With regard to the abolition of the state of emergency, many human rights organizations, Egyptian and international, criticized this measure, because apart from the state of emergency, the government has a reservoir of laws and practices that infringe upon rights and freedoms, such as the law regulating the right In public meetings, processions, and peaceful demonstrations of 2013, the Anti-Terrorism Law No. 94, and the law regulating Lists of Terrorist Entities and the amendments made to it in 2019. All are laws which allow the authorities to supress civil and political liberties by criminalizing expression of opinion and assembly, and also establish impunity by allowing the security forces to practice enforced disappearance, extrajudicial killing and violation of fair trial guarantees, and even bypassing those laws completely in the judicial process in some procedures such as listing people or entities on terrorist lists based only on security investigations without a real judicial process in which the defendants can file petitions before being subjected the restrictions imposed by that procedure, such as travel bans, prohibition of the disposal of funds and other consequences.
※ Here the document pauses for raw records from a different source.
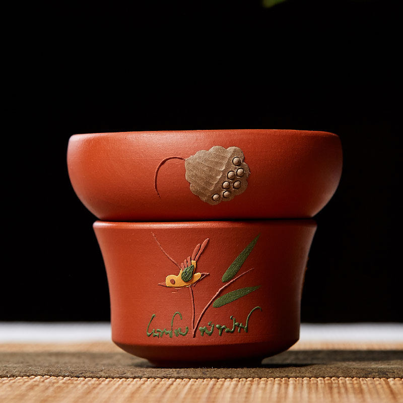 宜兴泥绘紫砂品杯主人杯公杯茶滤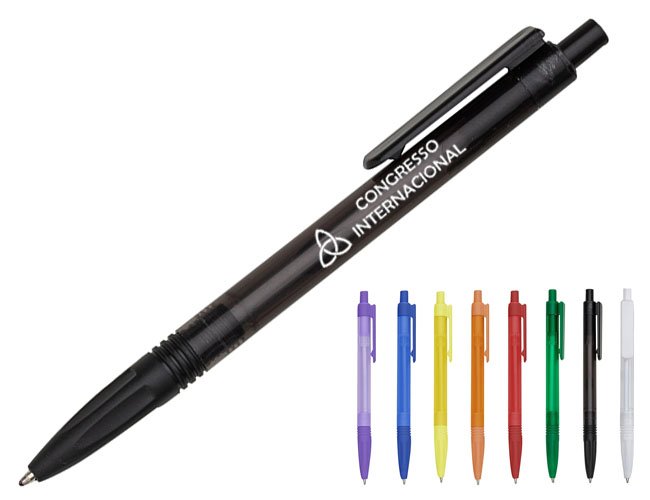 Descrição: Caneta plástica com carga esferográfica azul 1.0 mm e acionamento por clique.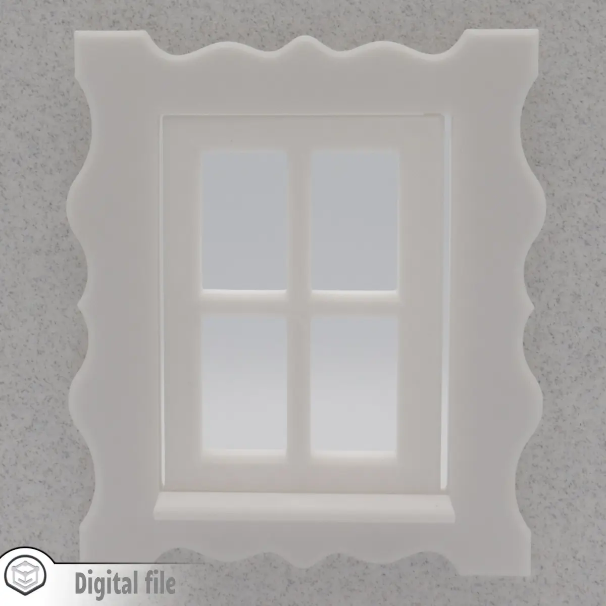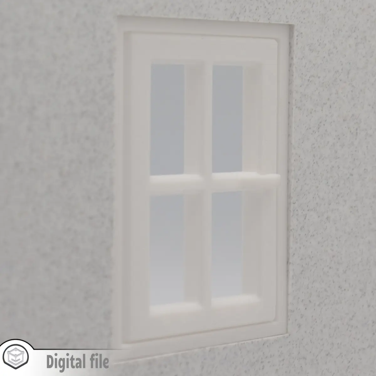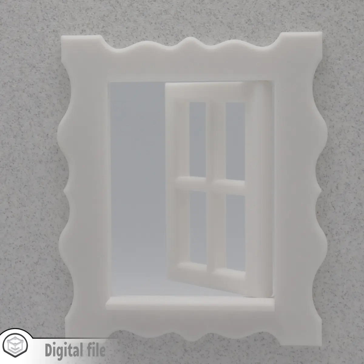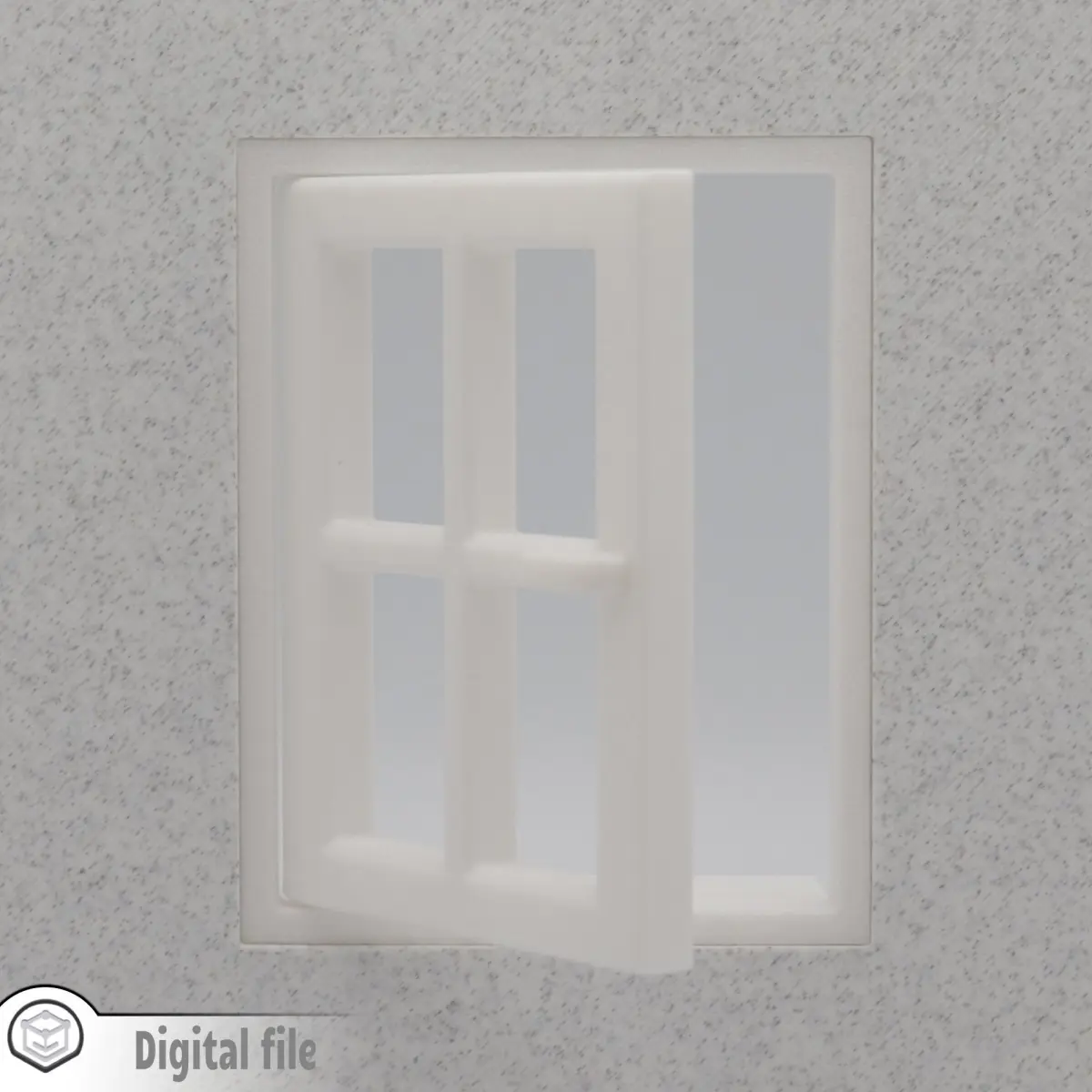 The overall dimensions are 120X104X20 mm. If you would like other dimensions or the model thicken at a certain measurement, please send us a message. We know that every dollhouse has it's particularity.The window will pivot 180 degree. The back panel is extruded 4 mm, so you can attach it to your dollhouse wall.You will receive in the zip file: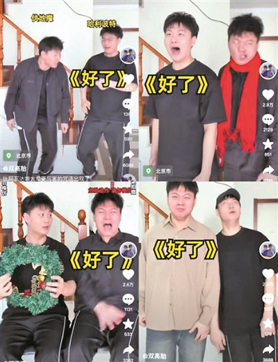 1998年出生的高超和高越是账号“双高胎”的主理人。这对双胞胎组合是在短视频平台上最早制作2024年春晚“押题”小品的创作者。目前,他们的账号已经更新了45期与春晚小品有关的原创短视频。

In addition, the Emergency State Security Courts continued to hear cases referred to them during the imposition of the state of emergency; which deprives the defendants who still have pending cases from the opportunity to appeal. The State Security Prosecution had referred to that court a number of cases shortly before the abolition of the state of emergency, during which dozens of defendants were tried, including many political and human rights figures such as Abdel Moneim Aboul Fotouh, head of the Strong Egypt Party and his deputy, Mohamed ElQassas; and human rights lawyer Mohammed AlBaqer and activists Alaa Abdel-Fattah, Ziad ElAlimi and Mohamed Oxygen. A matter that repeatedly suggests that the abolition of the state of emergency was not aimed at improving the course of justice and human rights, especially since none of the aforementioned laws were amended to provide for greater guarantees in the interest of justice. Rather, the amendments included introducing greater restrictions and harsher penalties for some charges (such as those related to conducting research, statistics or opinion polls about the military), and it also included a retreat from a number of fair trial guarantees, such as creating more space for civilians to appear before military courts, and depriving detainees from appearing before their natural judge and communicating with their lawyers in privacy.
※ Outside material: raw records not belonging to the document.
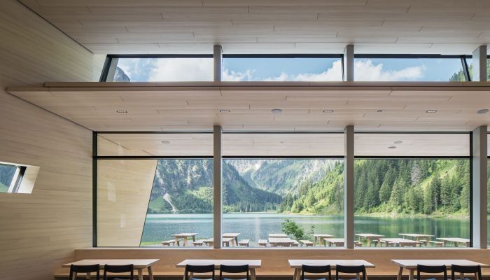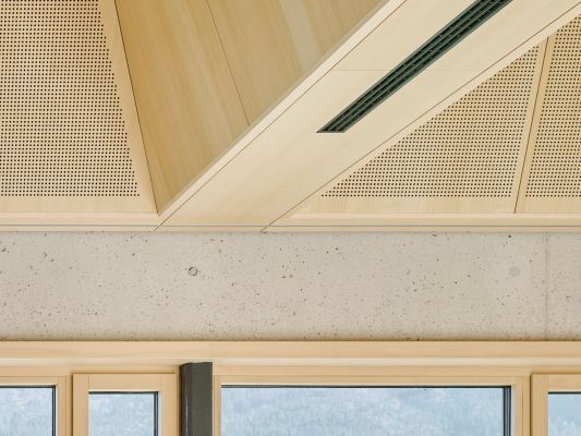 Es freut uns besonders, wie harmonisch das Zusammenspiel der beeindruckenden Natur außen mit der "fast unsichtbar" gelochten Akustikdecke im Innenraum gelungen ist.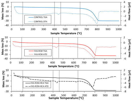 - Series 3: 30% of the NA (>4 mm) was replaced with recycled aggregate based on dolomite, and an additive was introduced in the form of a mix of FAS–RCM, where FAS and RCM each accounted for 50% of the weight of the additive.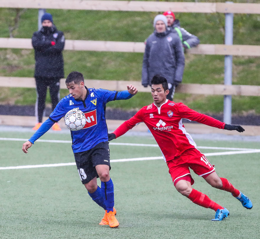 Kári vinur okkar allra síðastliðnu vikur hefur haft mikill áhrif á leikinn. Háir boltar og sendingar svoleiðis rjúka útaf vellinum þegar þær eru reyndar. Línuvörðurinn nær mér þarf að hafa sig allan við til að fjúka ekki yfir miðlínuna.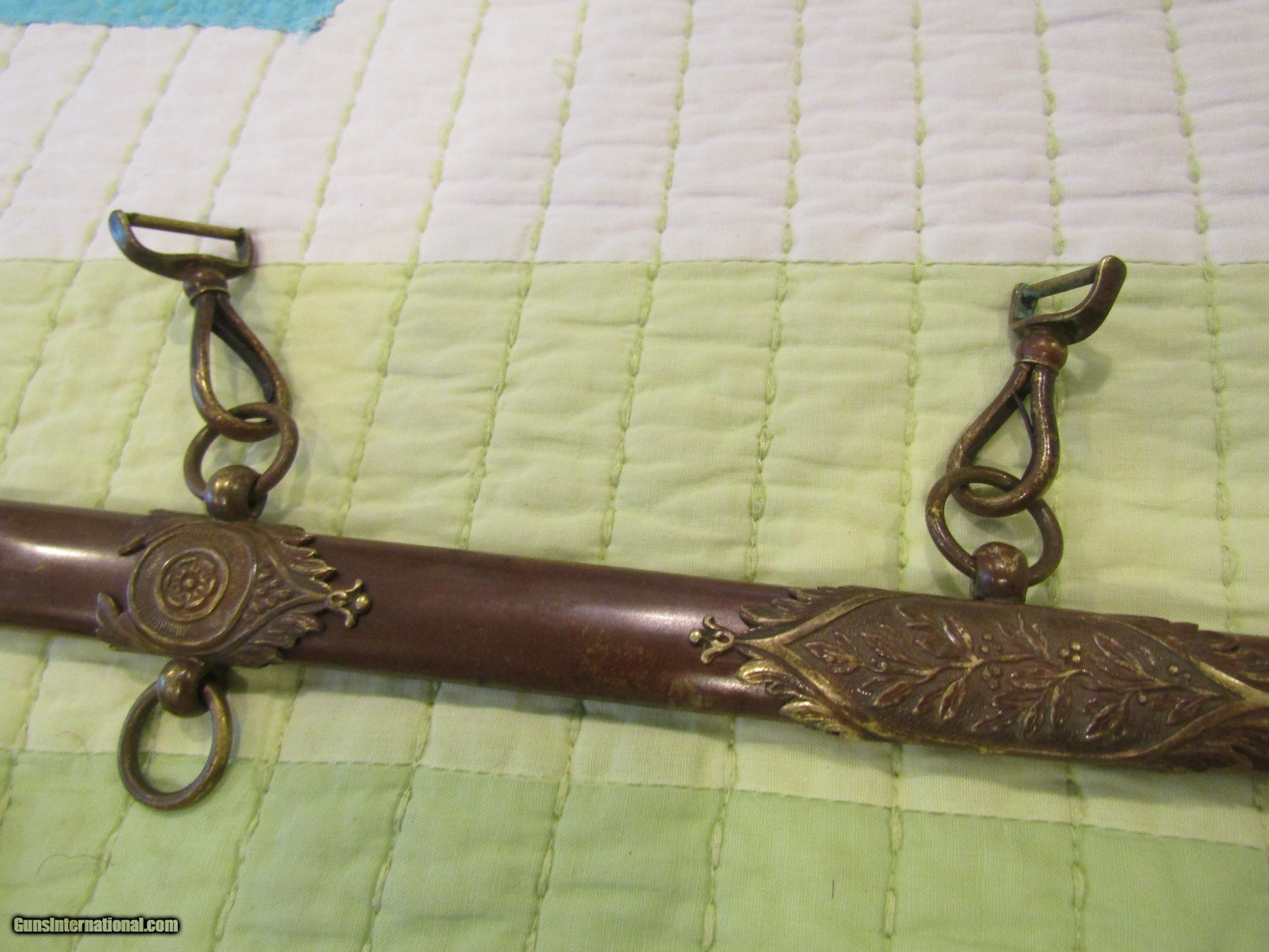 Description: This is a rare model 1840 that has the original rare hanger clips. The sword is one of the rarer makers Klingental , Coulaux & Cie, great patina ,way above good ,still has the red felt ring at the top of the blade. SOLD |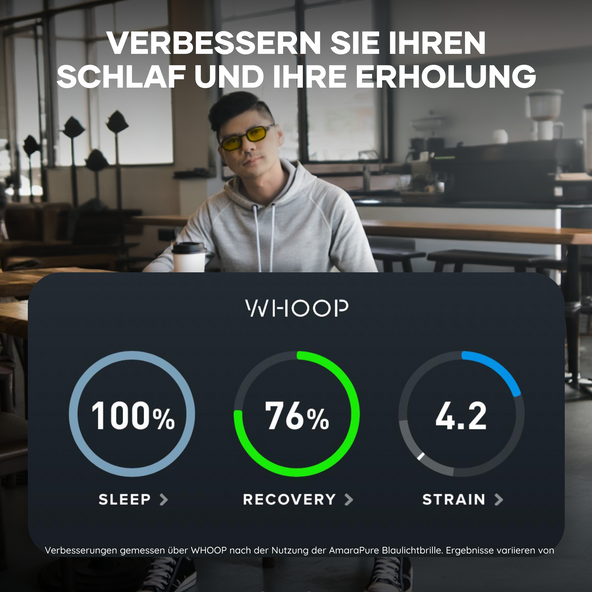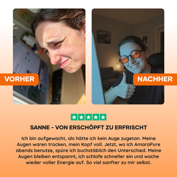 Entspannen Sie sich und schlafen Sie nach einem langen Tag schneller ein. Bildschirme strahlen blaues Licht aus, das die Produktion des Schlafhormons Melatonin unterdrückt. Tragen Sie Ihre Amarapure-Brille abends (1–2 Stunden vor dem Schlafengehen), um: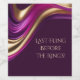 Enhance Your Last Fling with Artistic Flair with these Modern Wine Bottle Labels, featuring captivating Purple, Pink and Gold design with the message "Last Fling Before the Rings!" Order these unique wine labels today and make your event memorable with artistic flair and sophistication.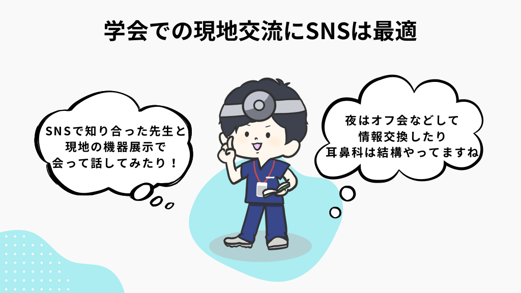 #6. 学会での現地交流にSNSは最適 SNSで知り合った先生と 現地の機器展示で 会って話してみたり! 夜はオフ会などして 情報交換したり 耳鼻科は結構やってますね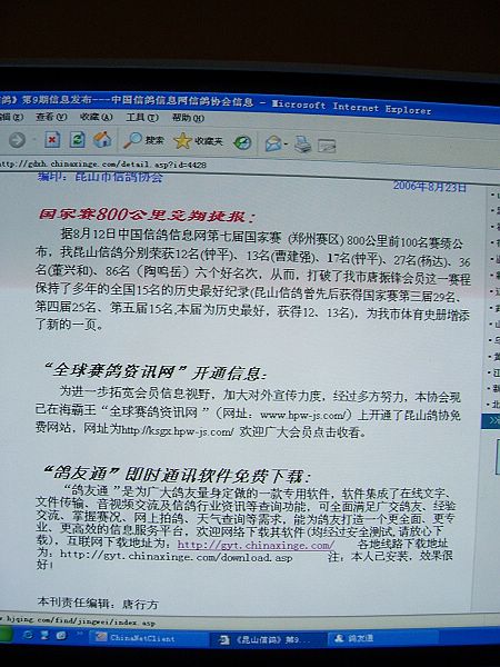 朋友们!中信网又为我们广大鸽友办了桩好事,安装了“鸽友通”,给我们日常上网确实带来了极大的便利!别迟疑了,赶快升级吧!!! |

Concerning the legislation on conditions of detention, the House of Representatives amended the Prison Organisation Law 396/1956 in March 2022, whereas the most prominent aspect of the amendment was replacing  “correction and rehabilitation centres” with the term “prisons”; Accordingly, the first article of the law was amended to replace “public prisons” with “public reform and rehabilitation centres” and “central prisons” became “geographical correction centres”, also “Private Prisons” are now “Private Correction and Rehabilitation Centres”. As for the category of Limans, which are prisons that were characterised, according to the provisions of the old regulations, with stricter systems and a higher degree of guarding, the amendment abolished them completely. This was reflected in the text of Article Two, which stipulated that those sentenced to life imprisonment and hard labour would spend their sentences in penitentiaries, while public prisons were reserved for those sentenced to imprisonment as well as for the majority of pretrial detainees; As prisons are the most suitable for providing the privileges granted by law to pretrial detainees. In the last amendment, it made the penalties of life and aggravated and standard imprisonment all spent in “public reform and rehabilitation centres” (formerly public prisons), since “Limans” are no longer a category of prisons that is considered by the law.
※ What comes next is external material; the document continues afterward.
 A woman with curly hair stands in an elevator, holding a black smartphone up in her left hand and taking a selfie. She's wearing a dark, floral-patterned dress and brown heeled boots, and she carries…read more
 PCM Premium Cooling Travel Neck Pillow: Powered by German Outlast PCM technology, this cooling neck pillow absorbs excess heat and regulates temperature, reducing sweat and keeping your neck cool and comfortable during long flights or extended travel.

This amendment represents a regression from the privileges that the law previously guaranteed to detainees, especially those in pretrial detention. In a report by the Egyptian Front entitled “Through Higher Orders: Detention and Extrajudicial Punishment in Tora High Security Prison 2,” the report’s findings clarified how the Prison Authority creates high security prisons through the loophole in their legal characterization as public prisons; Although the regulations implemented in it are more severe than the penal provisions, which were reserved for those who have already been sentenced to life or rigorous imprisonment. This allowed the Prisons Authority to house pretrial detainees in high-security prisons where severe regulations are applied, which in themselves constitute a punishment for detainees who have not yet been sentenced, despite the fact that the law stipulates that such regulations should not be applied to this category of prisoners. While the Front recommended in the report that the House of Representatives should introduce legal texts regulating high-security prison systems so that they do not represent a penalty above the prison sentence, the new amendment is a step backwards that prevents the regulation of practices in those prisons, and leads to exposing detainees to pretrial detention conditions that prevent them from providing privileges that are guaranteed by law. This is despite the courts continuing to operate with the same categories of sentences (which differentiate between life imprisonment, rigorous imprisonment, and imprisonment).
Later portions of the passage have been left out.